Not even a week after India wowed the world by not only placing an orbiter around Mars on the first try, but doing it one a shoestring budget, the country's space agency has been asked to play with the big boys.

In a meeting Tuesday in Toronto, K. Radhakrishnan, chairman of the Indian Space Research Organization, Charles Bolden, administrator of the United States' National Aeronautics and Space Administration, signed two documents to initiate between the two agencies a joint satellite mission to observe Earth, as well as open a path for future joint missions to Mars, according to a NASA news release

India's Mars Orbiting Mission, also known as Mangalyaan, or Mars-craft, was successfully inserted into orbit around the Red Planet on Sept. 24, for a cost of about $74-million.

Two days before, NASA inserted into orbit its own latest Mars probe, MAVEN, designed to study, similarly to the Indian craft, the rust-colored world's atmosphere.

"The signing of these two documents reflects the strong commitment NASA and ISRO have to advancing science and improving life on Earth," Bolden said in the release. "This partnership will yield tangible benefits to both our countries and the world."

Signed while the two leaders attended the International Astronautical Congress, a charter between the two space agencies establishes the NASA-ISRO Mars Working Group for exploring enhanced cooperation between the two countries in Mars exploration.

Also signed was an international agreement that details how the two agencies will work together on the NASA-ISRO Synthetic Aperture Radar mission, set for launch in 2020.

The joint Mars Working Group will seek to identify and implement scientific, programmatic and technological goals that NASA and ISRO have in common regarding Mars exploration. The group will meet once a year to plan cooperative activities, including potential NASA-ISRO cooperation on future missions to Mars.

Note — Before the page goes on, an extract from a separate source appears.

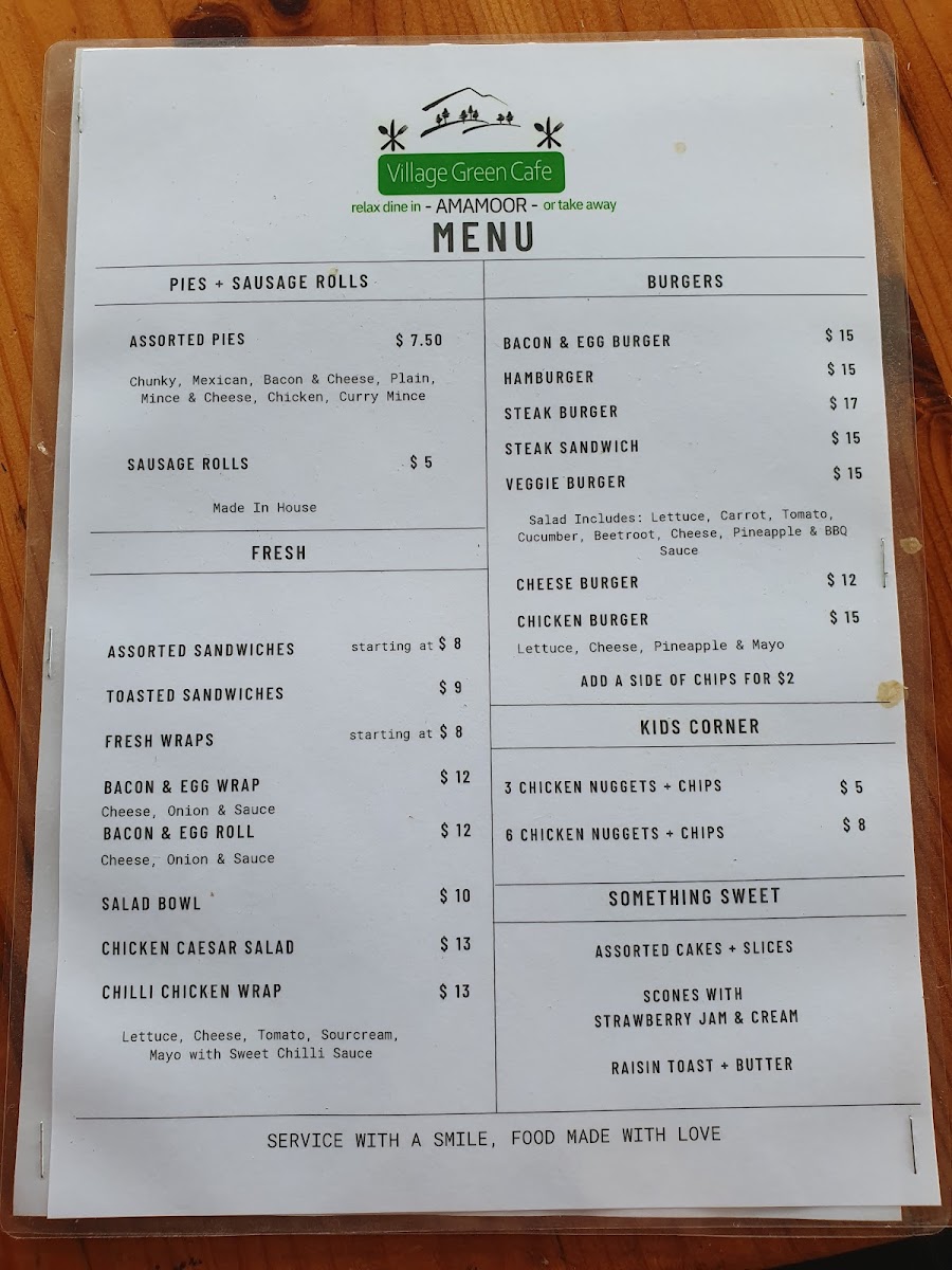 Welcome to Village Green Cafe, a delightful gem located at 3 Busby St, Amamoor, Queensland. This charming café, just 20 minutes from Gympie, offers a menu that's as inviting as its atmosphere.

The NASA-ISRO Synthetic Aperture Radar mission, targeted to launch in 2020, will make global measurements of the causes and consequences of a variety of land surface changes on Earth.

"NASA and Indian scientists have a long history of collaboration in space science," said John Grunsfeld, NASA associate administrator for science. "These new agreements between NASA and ISRO in Earth science and Mars exploration will significantly strengthen our ties and the science that we will be able to produce as a result."

NASA and ISRO have been cooperating under the terms of a framework agreement signed in 2008.